Set a slot without specifying intent or entity

Hi all,
I would like to know whether is possible to set a slot with a user’s response, without specifying any intent or entity, but getting only the text that the user has written.
I am facing the case where I have to set a slot user_surname. In my opinion, the straightforward way to accomplish this is to take only the text in response to utter_ask_surname, without having to generate hundreds of examples labeled with the entity (surname)

you can do so from Forms

forms:
  your_form:
    slot_name:
    - type: from_text
      intent: intent_name
      not_intent: excluded_intent

Thanks,
I have tried this solution before to write here. However, in this way, I have to specify an intent or an entity, right?
My aim was about how to set a slot directly with text from user, without specifying intents or entities.

how do you know when to take the text otherwise?? you can implement an action that can check the text everytime but you would need some kind of indication that the following question is about the last name and the answer you are expecting is the last name otherwise you would have to check literally every message that comes in.

not sure about your idea of implementing this otherwise, can you elaborate

The main issue is about to identify last names.
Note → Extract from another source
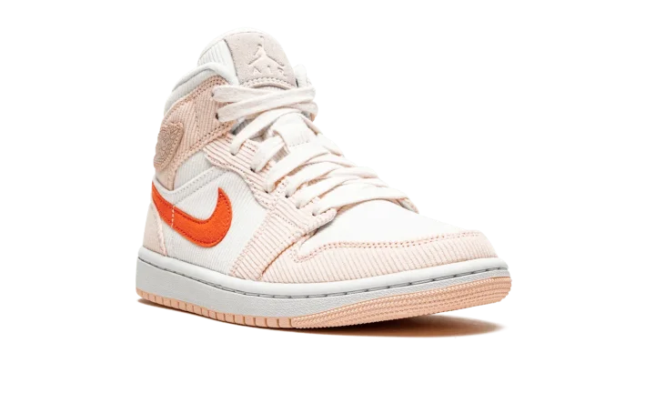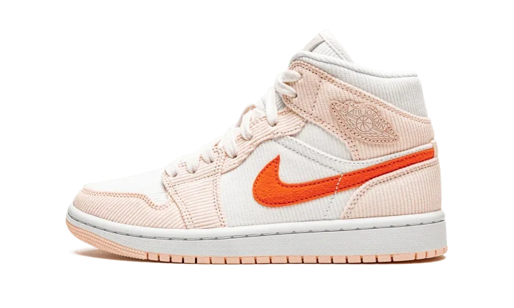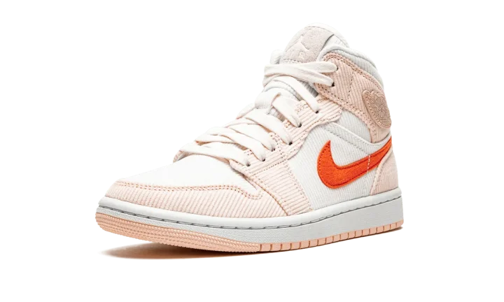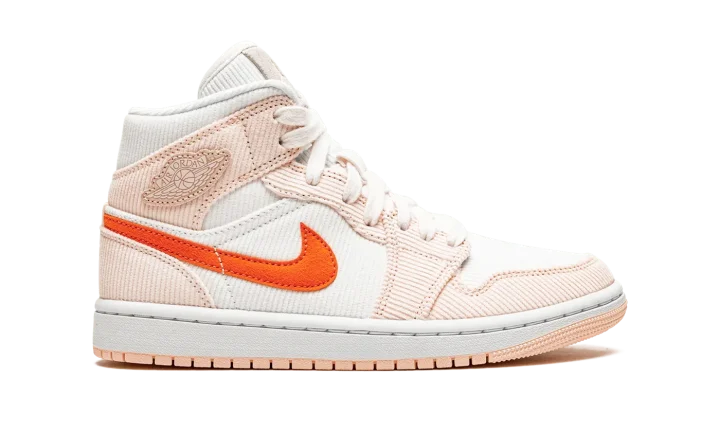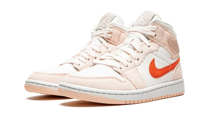 The Women's Air Jordan 1 Mid SE "Corduroy" is a redesigned look for the women's version of the mid-top shoe that replaces the model's original leather design with plush corduroy. A fresh look for the summer months and beyond, the "Corduroy" updates the look of the popular Jordan 1 Mid with a soft-to-the-touch Sail-colored corduroy material on the toe, mid-panel, and collar. Orange Quartz corduroy panels contrast the look and a bright orange suede Swoosh is found on either side. Additional branding efforts include a tonal "Wings" patch on the collar and embossed Jumpman and "Air" insignias on the suede tongue tag. Sail laces sit on a corduroy tongue to round out the look.

I have trained the model with hundreds of surnames (from different countries), but often they are not recognized as entities. Which could be a possible solution?
At the moment, I am using this action:

class ActionGetName(Action):
def name(self):
	return "action_get_name"

def run(self, dispatcher, tracker, domain):
	credentials = tracker.latest_message.get("text")
	return [SlotSet("surname",credentials)]

but I would like to find more effective solutions

possibly the hardest thing to do is detect last names, some countries like Belgium, last names are also locations , i would not go as far as detecting all last names of every country. This is the reason why keeping an intent is useful so you can avoid conflicts between when a name is asked v/s when you are asking where they live

possibly start with one, either use lookup tables to detect last names, list the common ones you can and if it is not in the list or not detected when asked, you can repeat the question and infact upon repeating you can invoke custom action that extracts it from the text as a failsafe option. be prepared that people can type answer in full sentence

“well my last name is van leuven.” which isn’t helpful. you can’t restrict the field to one token because last name can have more than one token as well.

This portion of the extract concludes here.